After the episode with the windmills, Don Quixote comes to blows with a Basque gentleman. In the middle of their fight, the narrative stops. The reader is informed that they have been reading the transcription of a text written by a “first author,” who has compiled information regarding Don Quixote. So, the reader, especially a 17th-century reader, would have asked, is this a historical text or is this fiction?

Another “second author” explains his finding of yet another manuscript that continues the narration originally written in Arabic, by a historian named Cide Hamete Benengeli, which has then been translated by a bilingual morisco into Castilian. The endless versions, translations, and interpretations, filtered through multiple authors, translators, historians, and characters, closely resemble our present-day information overload.

In 1526, the painter and diplomat Peter Paul Rubens wrote to the French scholar Pierre Dupuy in Paris, seeking “Copies of public newssheets of the better sort,” in order to inform himself as best he could, since there was “no shortage of storytellers and charlatans who publish in print.” Rubens was both gaining access to more reputable news outlets and also applying good humanistic critical thinking to the deluge of “other” sources of information and disinformation that was distributed by fake news propagators.
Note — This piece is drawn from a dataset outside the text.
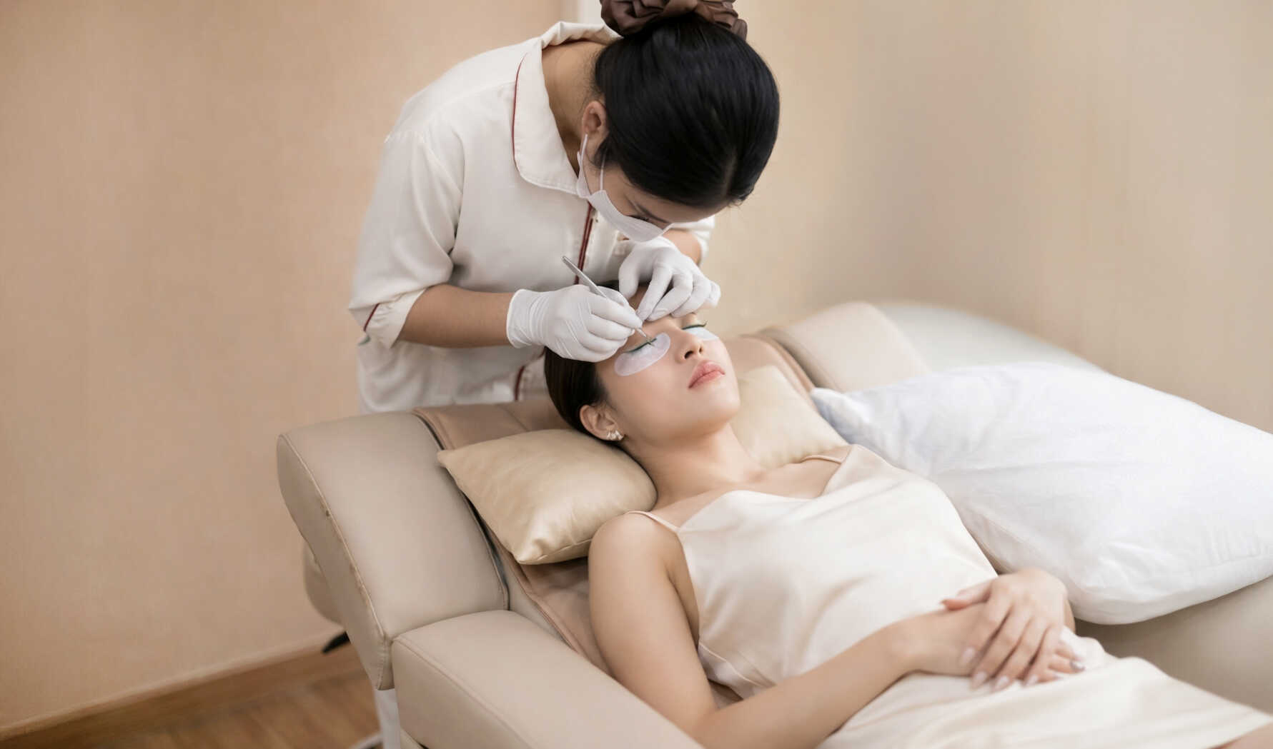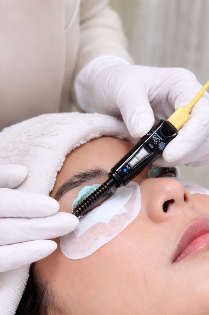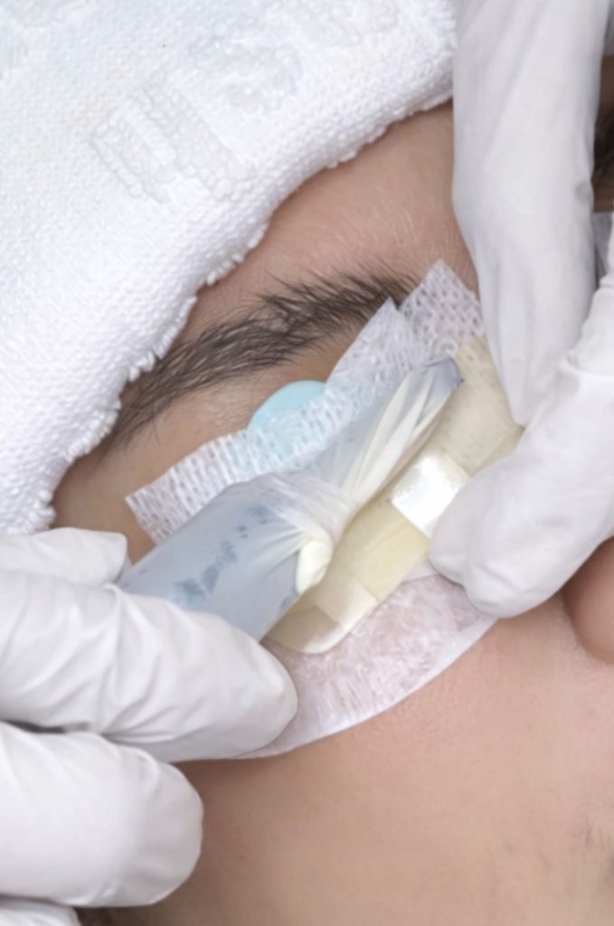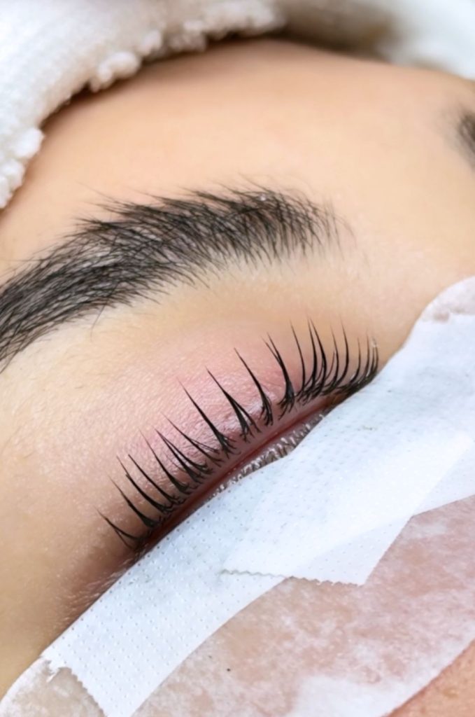 A perm lotion is applied, followed by a gentle warming mask to soften and reshape the lash structure for a lasting lift.
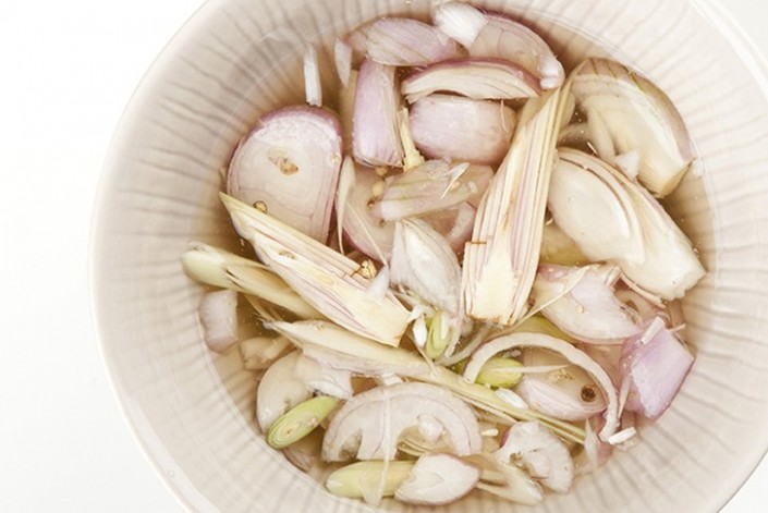 1. Очистите лук-шалот и крупно порежьте. К луку добавьте воду, вино, соль, крупно нарезанное лимонное сорго.

Within this constant flow of information, going viral—until very recently, the aspiration of YouTubers and businesses alike—has gone back to its original semantic roots.

Critical thinking

It is no surprise, then, that critical thinking was first introduced during this time period. In fact, it was the essence of the new learning, called humanism, that opposed the antiquated scholasticism, or old learning. Humanism is a rationalist outlook or system of thought that attaches prime importance to human rather than divine or supernatural matters. The humanists not only read texts, but also questioned and interpreted the language that they were written in.

In his Method (1637), Descartes questions the veracity of all disciplines—from poetry to history and mathematics—and concludes that there are no absolute truths, so we must be our own guides.

Within this constant flow of information, going viral—until very recently, the aspiration of YouTubers and businesses alike—has gone back to its original semantic roots. So, follow Descartes and be your own humanistic and critical guide.